Another man, carpenter Ron Mass, 40, was seen running up a long dirt driveway toward the road. He was burnt so badly that flesh was hanging from his limbs, Goodwin said. He was stopped and treated by paramedics, and when firefighters found a spot for a helicopter to land, both burned men were airlifted to the Sherman Oaks Hospital Burn Center.
A day later, as the sun was rising over the Santa Monica Mountains, the men from Station 69 returned to Ground Zero, as had some residents who sneaked past police barriers and warily drove by to see if their homes had survived the night.
All was quiet, save for the chattering of a few helicopters in the distance and some birds heading back to charred nests. There were some jack rabbits, but most lay dead and burned along the many fire roads off Deer Creek Ranch.
As the motorists passed, they looked mournfully down the canyons and toward far-off flames. But for a few brief moments, the firefighters of Station 69 rested against their trucks, and looked in the other direction, uphill and to the east, up to where they first saw the fire.
The path of the blaze had left an ever-widening V-shaped imprint of blackened earth. But on the edges, some spots remained untouched.

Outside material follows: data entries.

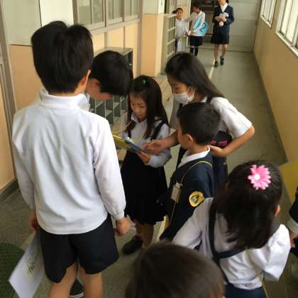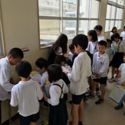 5月10日(火)1,2時間目に1年生が6年生と一緒に「がっこうたんけん」をしました。学校のいろいろな場所や教室をスタンプを押しながらまわりました。子どもたちは、職員室などへ入る時は、とても緊張した様子でしたが、だんだん慣れて楽しそうにまわっていました。1年生のみなさんは学校のようすがわかったでしょうか、6年生のみなさん、ご苦労様でした。これからも1年生のお世話をしっかりしてあげてほしいと思います。
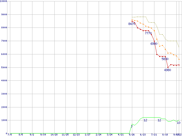 | Sempron 2800+ (1.6GHz,L2 128KB)の価格推移 | | | (2005年7月8日~2006年9月22日) |
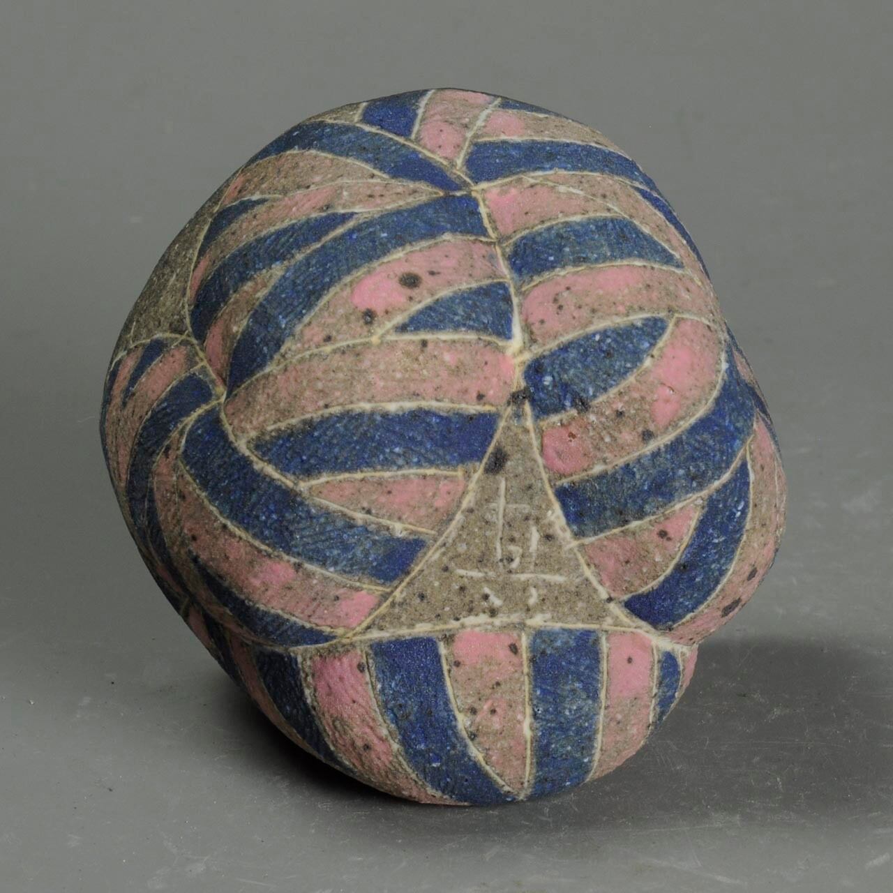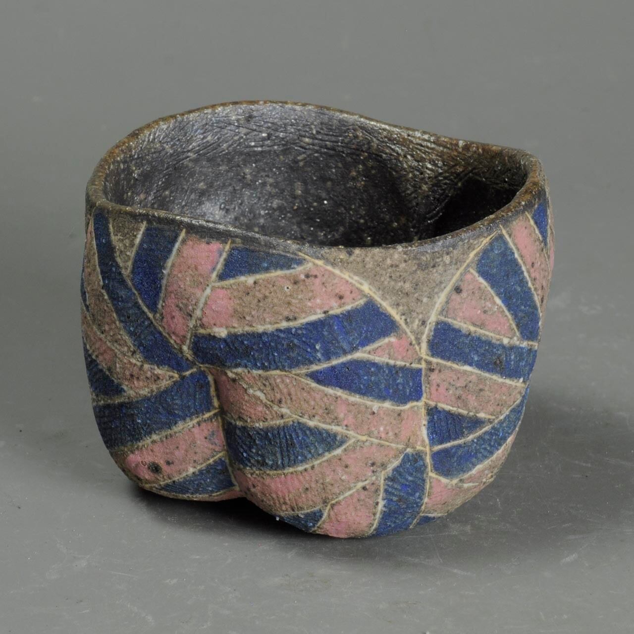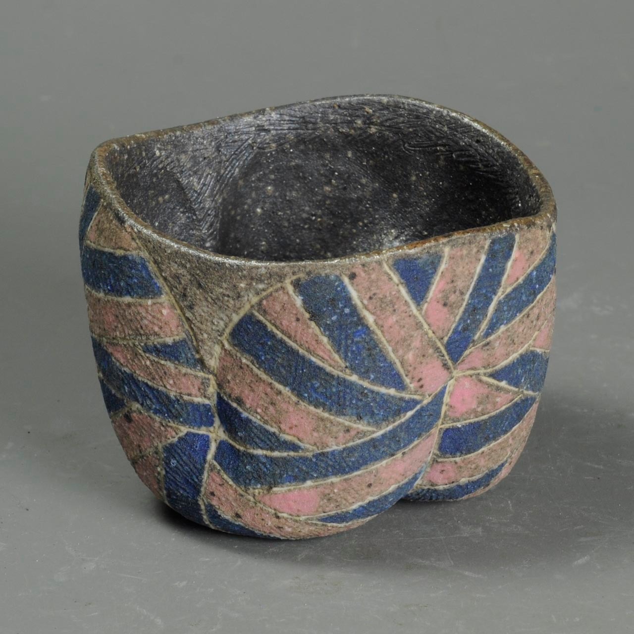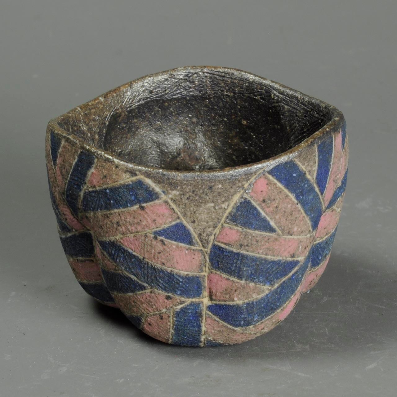 象嵌、彩色、焼きしめのぐい呑です。手びねり(玉作り)で成形しています。
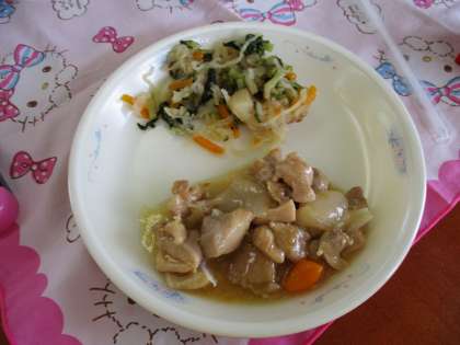鶏肉と人参,玉ねぎを炒めて味つけした「鶏肉の甘酢いため」は,
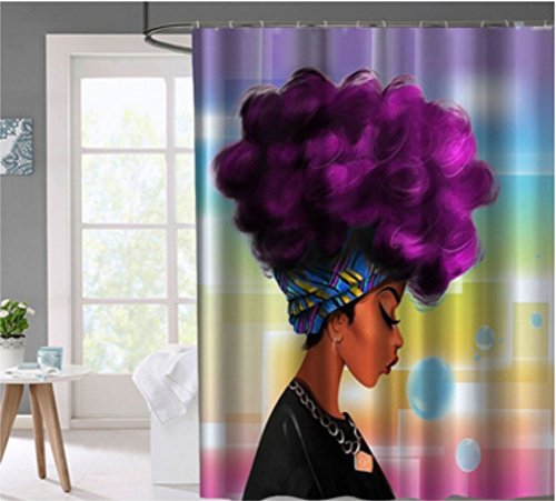 Women Black shower curtain Chengsan African Women with Purple Hair Hairstyle- Waterproof Mildew Resistant Fabric Polyester 100% Shower Curtain. 65"W71"H
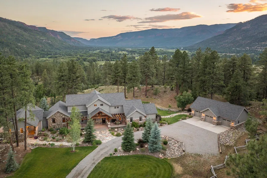 Situated just off the Gold Coast of County Road 250, this property brings the Colorado dream to life every season. Fall in love with this private and secluded 35-acre property that borders the national forest and is situated to take advantage of the incredible Animas Valley views. The 4,182 SF modern custom home is an architectural masterpiece featuring 4 bedrooms, 4.5 baths, and an attached 1,000 SF 2 bedroom, 2 bath guest house/ADU. This home is the epitome mountain elegance with views from every window and lovely finishes, including granite countertops, custom knotty alder cabinetry, white oak flooring, tiled bathroom floors, and gas river rock fireplaces throughout. Its further enhanced by most of the furnishings being included in the sale. The entire house has efficient in-floor radiant heat keeping it nice and cozy on those fall and winter nights. The main level has a wonderful open floor plan, with the spacious living room flowing seamlessly into the dining room and gourmet kitchen with finest appliances. The large main-level master suite has its own gas fireplace, double vanity with custom cabinets, a soaking tub with mountain views, rain shower, and a large walk-in closet, creating the perfect personal spa to relax and enjoy each morning or evening. The main level also features a separate media room with adjacent powder room, and a large mud/laundry room off the kitchen with a sink and dog wash. On the second level of the home there are 3 spacious and comfortable guest suites with beautiful finishes and spectacular views from each window. The outside living area has several decks and pergolas to soak up the majestic red cliffs and Animas Valley scenery. The exterior landscaping includes gardens serviced by sprinklers and a drip irrigation system providing easy maintenance. The property has a combination of Spruce and Pine woodlands and open spaces with access to the National Forest. There is a detached oversized 3-car garage providing parking and storage for equipment and recreational toys. And, to add to the accommodations there is a wonderful attached 2 bedroom, 2 bath guest house/ADU with private entrance, large living room and kitchen, engineered hardwood floors, quartz countertops throughout, a private deck with expansive views, and a 1 car attached garage on the lower level. This is Colorado living at its best with magnificent views of the surrounding mountains and valley, while only 20 minutes from historic downtown Durango or Purgatory Resort.

“We felt very, very helpless,” Johnson recalled, shaking his head slowly. “We’re here to stop these things. And we prepare and prepare and prepare all year long. But it was all just too much.”
Investigators also returned to the area to look for clues, while sheriff’s deputies searched for looters. One carried water to the house where Gibbins lived; his beloved cat was burned and under the house, afraid to come out. Others looked around, and one whistled at the stark and smoking landscape. “It looks like a bombing,” said Deputy Ernest Bedoya.
For the firefighters who returned, they were saddened but believed that they had been right to turn away from the flames, however briefly, to help Gibbins and Mass.
“You do what you can,” one of Johnson’s men said softly. “We’re only human.”
Duncan Gibbins was only human too. Late Wednesday, he died.